Your assignment:
Give again, exactly as written, each line of the material below starting at the line that contains "Grim Quest - Old" and ending at the line that contains "નોકિયા લૂમિયા એડની". Both ends count, and no other line does.

Dataset content:
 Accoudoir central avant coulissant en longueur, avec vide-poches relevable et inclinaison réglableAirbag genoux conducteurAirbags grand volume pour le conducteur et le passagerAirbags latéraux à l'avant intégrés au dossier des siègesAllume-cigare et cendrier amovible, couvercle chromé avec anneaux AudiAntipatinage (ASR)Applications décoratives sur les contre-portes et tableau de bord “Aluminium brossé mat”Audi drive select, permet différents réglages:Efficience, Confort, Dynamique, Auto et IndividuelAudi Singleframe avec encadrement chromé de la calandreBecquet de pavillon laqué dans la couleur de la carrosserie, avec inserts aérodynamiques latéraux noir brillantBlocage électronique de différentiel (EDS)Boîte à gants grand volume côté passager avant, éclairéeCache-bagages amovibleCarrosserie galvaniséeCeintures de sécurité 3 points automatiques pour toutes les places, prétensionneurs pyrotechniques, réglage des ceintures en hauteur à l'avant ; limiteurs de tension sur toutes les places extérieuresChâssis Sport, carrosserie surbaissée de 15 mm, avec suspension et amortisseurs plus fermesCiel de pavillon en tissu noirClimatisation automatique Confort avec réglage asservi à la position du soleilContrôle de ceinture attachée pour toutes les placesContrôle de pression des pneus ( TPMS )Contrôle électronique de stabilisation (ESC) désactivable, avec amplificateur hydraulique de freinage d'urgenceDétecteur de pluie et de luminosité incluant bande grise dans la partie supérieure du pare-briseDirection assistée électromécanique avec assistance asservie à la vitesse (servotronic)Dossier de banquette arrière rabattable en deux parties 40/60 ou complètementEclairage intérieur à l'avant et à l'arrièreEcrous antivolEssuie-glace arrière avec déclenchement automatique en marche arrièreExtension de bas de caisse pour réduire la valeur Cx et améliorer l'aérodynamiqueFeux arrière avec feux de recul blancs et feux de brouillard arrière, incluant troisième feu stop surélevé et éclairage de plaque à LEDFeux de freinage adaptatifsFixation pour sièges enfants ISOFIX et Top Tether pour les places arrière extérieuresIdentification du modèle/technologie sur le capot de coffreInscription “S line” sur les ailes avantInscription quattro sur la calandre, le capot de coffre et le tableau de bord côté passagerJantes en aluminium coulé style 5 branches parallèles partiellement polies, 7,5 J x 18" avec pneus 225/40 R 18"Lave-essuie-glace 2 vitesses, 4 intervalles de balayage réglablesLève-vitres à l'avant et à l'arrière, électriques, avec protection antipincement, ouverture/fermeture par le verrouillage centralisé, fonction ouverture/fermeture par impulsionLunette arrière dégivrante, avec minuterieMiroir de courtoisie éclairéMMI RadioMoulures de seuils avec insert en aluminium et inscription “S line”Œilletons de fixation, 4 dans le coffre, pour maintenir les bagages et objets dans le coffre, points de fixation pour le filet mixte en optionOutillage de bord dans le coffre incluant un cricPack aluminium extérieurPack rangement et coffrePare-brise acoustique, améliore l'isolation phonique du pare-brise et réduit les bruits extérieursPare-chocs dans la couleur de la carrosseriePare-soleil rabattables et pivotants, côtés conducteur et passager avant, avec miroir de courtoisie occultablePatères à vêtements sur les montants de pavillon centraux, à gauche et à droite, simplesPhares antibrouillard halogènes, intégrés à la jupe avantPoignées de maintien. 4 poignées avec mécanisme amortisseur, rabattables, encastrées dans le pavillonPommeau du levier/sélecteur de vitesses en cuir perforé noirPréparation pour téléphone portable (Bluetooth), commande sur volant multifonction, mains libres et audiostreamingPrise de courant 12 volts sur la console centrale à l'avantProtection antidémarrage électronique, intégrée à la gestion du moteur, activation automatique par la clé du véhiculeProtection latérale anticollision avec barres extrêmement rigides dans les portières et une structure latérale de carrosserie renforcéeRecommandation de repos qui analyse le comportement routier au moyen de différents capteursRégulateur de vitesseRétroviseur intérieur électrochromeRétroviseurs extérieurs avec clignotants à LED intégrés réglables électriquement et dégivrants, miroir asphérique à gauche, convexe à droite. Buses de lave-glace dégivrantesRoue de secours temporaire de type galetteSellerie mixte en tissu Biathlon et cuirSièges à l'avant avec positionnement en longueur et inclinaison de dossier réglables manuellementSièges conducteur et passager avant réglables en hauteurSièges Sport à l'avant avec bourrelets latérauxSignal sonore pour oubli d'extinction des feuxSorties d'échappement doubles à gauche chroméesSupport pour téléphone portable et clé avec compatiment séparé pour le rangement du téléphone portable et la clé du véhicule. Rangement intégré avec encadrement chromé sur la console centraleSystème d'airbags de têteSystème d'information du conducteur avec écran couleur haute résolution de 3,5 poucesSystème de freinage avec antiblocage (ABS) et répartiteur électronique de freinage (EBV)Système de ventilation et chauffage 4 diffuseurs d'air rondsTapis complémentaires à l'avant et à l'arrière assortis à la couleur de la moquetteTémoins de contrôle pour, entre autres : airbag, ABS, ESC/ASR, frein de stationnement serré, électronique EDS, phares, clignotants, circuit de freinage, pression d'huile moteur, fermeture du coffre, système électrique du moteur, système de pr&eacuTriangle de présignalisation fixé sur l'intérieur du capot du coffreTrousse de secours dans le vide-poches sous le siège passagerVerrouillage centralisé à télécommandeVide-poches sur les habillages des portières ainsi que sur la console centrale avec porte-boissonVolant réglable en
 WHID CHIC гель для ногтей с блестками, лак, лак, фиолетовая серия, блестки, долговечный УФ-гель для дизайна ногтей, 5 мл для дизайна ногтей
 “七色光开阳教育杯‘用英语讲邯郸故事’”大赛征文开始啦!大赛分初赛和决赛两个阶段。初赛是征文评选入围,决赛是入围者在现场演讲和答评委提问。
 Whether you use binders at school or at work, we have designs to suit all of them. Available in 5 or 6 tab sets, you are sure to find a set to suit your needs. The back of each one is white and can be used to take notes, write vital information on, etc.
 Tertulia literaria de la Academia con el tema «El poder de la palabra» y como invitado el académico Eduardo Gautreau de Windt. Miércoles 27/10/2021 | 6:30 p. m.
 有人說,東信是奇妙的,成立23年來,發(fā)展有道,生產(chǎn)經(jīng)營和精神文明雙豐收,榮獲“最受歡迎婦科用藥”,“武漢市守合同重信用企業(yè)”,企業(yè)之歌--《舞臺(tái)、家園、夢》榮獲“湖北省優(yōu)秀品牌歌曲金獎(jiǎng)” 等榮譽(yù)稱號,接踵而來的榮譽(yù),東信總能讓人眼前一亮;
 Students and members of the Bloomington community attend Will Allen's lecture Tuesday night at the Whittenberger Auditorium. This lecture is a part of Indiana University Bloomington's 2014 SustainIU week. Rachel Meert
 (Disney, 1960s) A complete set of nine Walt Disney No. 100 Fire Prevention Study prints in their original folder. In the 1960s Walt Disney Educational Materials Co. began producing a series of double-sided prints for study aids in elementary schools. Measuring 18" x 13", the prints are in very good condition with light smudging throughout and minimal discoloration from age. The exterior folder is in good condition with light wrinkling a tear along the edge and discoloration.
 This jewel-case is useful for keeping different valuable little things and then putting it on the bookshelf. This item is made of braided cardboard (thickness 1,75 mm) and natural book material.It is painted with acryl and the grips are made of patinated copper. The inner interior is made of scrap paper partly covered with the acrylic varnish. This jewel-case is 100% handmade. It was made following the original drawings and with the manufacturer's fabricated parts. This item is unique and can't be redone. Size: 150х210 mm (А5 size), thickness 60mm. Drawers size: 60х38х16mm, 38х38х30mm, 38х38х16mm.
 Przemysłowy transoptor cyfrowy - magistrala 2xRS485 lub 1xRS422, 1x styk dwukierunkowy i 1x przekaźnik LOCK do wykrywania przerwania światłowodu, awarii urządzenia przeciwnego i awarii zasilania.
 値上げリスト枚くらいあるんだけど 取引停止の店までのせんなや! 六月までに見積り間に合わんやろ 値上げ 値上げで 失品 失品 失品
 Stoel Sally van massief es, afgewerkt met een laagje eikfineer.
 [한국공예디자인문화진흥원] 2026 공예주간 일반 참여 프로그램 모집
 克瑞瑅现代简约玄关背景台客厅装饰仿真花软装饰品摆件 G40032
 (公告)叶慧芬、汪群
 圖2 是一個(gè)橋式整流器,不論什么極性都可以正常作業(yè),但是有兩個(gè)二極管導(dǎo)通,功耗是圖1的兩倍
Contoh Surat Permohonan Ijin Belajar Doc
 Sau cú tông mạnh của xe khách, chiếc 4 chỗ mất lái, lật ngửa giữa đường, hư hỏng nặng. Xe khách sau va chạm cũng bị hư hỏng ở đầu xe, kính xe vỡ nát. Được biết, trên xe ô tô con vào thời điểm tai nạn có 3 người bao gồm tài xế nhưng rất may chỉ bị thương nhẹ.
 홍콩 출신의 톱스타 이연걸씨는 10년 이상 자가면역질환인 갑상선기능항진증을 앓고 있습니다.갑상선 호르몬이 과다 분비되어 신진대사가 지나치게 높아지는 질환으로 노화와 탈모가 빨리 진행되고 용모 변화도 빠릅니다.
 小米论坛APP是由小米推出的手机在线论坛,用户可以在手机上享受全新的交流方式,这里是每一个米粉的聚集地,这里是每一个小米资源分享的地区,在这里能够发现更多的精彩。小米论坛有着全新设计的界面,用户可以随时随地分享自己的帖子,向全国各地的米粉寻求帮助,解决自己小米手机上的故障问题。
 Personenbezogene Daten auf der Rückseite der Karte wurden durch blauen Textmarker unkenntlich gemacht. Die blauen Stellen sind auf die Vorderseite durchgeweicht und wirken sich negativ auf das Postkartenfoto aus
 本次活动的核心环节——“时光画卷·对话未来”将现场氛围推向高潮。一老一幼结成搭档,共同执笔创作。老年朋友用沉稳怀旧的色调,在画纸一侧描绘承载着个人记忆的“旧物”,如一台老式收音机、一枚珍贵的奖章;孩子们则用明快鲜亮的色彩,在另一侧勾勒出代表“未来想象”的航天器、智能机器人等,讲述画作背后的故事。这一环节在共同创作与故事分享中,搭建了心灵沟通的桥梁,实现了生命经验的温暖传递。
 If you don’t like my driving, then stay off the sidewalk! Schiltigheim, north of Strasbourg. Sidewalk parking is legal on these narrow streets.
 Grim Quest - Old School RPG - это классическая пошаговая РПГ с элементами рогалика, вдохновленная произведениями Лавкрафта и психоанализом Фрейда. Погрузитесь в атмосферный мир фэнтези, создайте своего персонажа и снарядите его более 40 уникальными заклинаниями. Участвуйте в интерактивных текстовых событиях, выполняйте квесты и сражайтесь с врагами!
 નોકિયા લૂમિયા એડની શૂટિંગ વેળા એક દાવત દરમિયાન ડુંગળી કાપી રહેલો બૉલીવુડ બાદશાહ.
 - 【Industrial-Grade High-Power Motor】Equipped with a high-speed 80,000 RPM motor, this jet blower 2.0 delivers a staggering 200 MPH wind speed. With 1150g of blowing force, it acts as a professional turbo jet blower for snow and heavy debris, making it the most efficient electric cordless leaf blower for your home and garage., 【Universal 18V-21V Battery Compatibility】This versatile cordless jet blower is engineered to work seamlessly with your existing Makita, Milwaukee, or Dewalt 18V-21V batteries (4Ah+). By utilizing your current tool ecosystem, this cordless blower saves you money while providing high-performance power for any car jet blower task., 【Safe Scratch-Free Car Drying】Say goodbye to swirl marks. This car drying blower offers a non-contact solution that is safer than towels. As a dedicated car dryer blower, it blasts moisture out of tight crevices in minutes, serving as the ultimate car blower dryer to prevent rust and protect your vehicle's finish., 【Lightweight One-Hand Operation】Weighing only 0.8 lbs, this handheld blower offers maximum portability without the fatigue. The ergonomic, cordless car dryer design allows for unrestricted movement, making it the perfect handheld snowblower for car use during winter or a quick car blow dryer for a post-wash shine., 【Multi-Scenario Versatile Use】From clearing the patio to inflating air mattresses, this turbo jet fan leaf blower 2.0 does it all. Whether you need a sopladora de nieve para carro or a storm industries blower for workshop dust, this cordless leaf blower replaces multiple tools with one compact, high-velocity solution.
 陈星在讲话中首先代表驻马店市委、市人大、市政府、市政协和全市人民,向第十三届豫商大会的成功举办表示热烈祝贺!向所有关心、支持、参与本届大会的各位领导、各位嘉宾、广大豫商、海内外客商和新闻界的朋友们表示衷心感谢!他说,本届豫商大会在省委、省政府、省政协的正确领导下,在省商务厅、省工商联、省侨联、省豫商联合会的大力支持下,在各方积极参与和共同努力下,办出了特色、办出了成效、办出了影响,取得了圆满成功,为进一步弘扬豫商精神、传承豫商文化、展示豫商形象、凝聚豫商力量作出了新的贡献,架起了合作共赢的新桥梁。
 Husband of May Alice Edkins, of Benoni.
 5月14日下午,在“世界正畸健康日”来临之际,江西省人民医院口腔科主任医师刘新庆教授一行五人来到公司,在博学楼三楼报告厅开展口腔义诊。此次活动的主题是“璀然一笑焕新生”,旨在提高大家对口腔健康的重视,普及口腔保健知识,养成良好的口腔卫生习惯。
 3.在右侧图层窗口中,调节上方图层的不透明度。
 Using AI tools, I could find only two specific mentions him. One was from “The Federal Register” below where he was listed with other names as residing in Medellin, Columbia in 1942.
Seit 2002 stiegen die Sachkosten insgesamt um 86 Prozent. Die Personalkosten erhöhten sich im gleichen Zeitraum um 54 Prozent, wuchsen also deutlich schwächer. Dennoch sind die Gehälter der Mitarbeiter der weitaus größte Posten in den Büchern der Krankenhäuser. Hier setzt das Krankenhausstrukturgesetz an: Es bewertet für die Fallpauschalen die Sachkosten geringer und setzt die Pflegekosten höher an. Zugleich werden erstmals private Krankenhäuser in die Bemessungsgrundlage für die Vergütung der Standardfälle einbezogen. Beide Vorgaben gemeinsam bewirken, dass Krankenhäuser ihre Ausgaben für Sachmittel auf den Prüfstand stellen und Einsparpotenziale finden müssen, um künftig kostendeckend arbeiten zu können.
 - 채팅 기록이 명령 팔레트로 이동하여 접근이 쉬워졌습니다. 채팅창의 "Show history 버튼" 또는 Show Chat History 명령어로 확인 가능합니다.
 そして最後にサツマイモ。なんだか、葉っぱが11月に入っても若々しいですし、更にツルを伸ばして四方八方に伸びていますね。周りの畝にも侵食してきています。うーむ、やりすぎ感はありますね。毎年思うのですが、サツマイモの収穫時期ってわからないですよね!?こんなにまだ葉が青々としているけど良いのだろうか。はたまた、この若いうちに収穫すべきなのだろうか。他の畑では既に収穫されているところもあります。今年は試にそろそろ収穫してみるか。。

Response:
 Grim Quest - Old School RPG - это классическая пошаговая РПГ с элементами рогалика, вдохновленная произведениями Лавкрафта и психоанализом Фрейда. Погрузитесь в атмосферный мир фэнтези, создайте своего персонажа и снарядите его более 40 уникальными заклинаниями. Участвуйте в интерактивных текстовых событиях, выполняйте квесты и сражайтесь с врагами!
 નોકિયા લૂમિયા એડની શૂટિંગ વેળા એક દાવત દરમિયાન ડુંગળી કાપી રહેલો બૉલીવુડ બાદશાહ.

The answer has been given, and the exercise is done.